Stop and reflect with me for a minute… What was challenging for you in 2017? What did you ROCK AT? When did you feel the worst or when you weren’t reaching your potential? When did you feel the best and you gave it all you had?

As we travel through life, we have this little backpack we carry around. At times, our bag is filled (with activities, friends, family, school work, relationships, pressures) and contains a lot of weight and pulls us down. At other times, our bags are EXACTLY what we need; they fill us up and make us feel amazing and empowered. The New Year is not about CHANGING everything about ourselves. You are already amazing in your own way! We can however, take the time to decide where and how we want to spend our time and energy. If your bag is full of heavy, unnecessary items that don’t make you happy, NOW is a great time to readjust. Take that bag and dump it out! Look at exactly what you are carrying around, where your energy and thoughts are focused! Figure out what’s REALLY important in your life! If you don’t know where to start, think about who and what is worth your time and your energy?!  What do you need for your next adventure?

Once you’ve emptied and started re-packing your bag, LIST everything about yourself that is AMAZING! What are you good at? What skills and qualities make you, YOU. Those skills and qualities are the straps of the backpack; the foundation that will support you in all that you do! They can offer stability and comfort when needed. You are YOU! Those qualities that make you are what people see, the unique decorations, the strength of the straps, etc.

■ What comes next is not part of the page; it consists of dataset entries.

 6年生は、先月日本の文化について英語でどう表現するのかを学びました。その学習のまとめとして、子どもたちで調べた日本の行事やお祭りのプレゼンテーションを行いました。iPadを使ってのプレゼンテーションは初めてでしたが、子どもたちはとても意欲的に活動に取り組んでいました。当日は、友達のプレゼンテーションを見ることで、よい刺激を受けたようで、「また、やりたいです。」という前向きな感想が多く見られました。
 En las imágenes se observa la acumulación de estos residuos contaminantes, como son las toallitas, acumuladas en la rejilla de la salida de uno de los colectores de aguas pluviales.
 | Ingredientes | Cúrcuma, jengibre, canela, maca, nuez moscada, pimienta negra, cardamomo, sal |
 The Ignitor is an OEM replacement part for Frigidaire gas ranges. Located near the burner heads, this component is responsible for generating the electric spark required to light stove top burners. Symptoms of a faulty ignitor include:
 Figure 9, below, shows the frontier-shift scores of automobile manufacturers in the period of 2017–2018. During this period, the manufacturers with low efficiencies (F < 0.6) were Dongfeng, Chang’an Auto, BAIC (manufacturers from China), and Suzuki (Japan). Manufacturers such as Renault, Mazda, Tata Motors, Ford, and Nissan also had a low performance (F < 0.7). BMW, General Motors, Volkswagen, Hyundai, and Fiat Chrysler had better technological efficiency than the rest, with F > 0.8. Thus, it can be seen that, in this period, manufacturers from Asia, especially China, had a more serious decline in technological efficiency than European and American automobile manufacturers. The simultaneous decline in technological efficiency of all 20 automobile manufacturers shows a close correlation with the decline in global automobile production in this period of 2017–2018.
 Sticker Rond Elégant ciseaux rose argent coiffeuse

The backpack is there for you, whether you realize it or not. You get to fill it with whatever you want! As time passes, and the year speeds along, pause, reflect, evaluate and adjust as needed. Is the weight of the bag pulling you down and making those straps dig into your shoulders? Are you carrying too much for other people and not enough for you? What items need to be removed for you to feel empowered, invigorated, and amazing?! What and who is continuing to inspire you and the amazing person you are?!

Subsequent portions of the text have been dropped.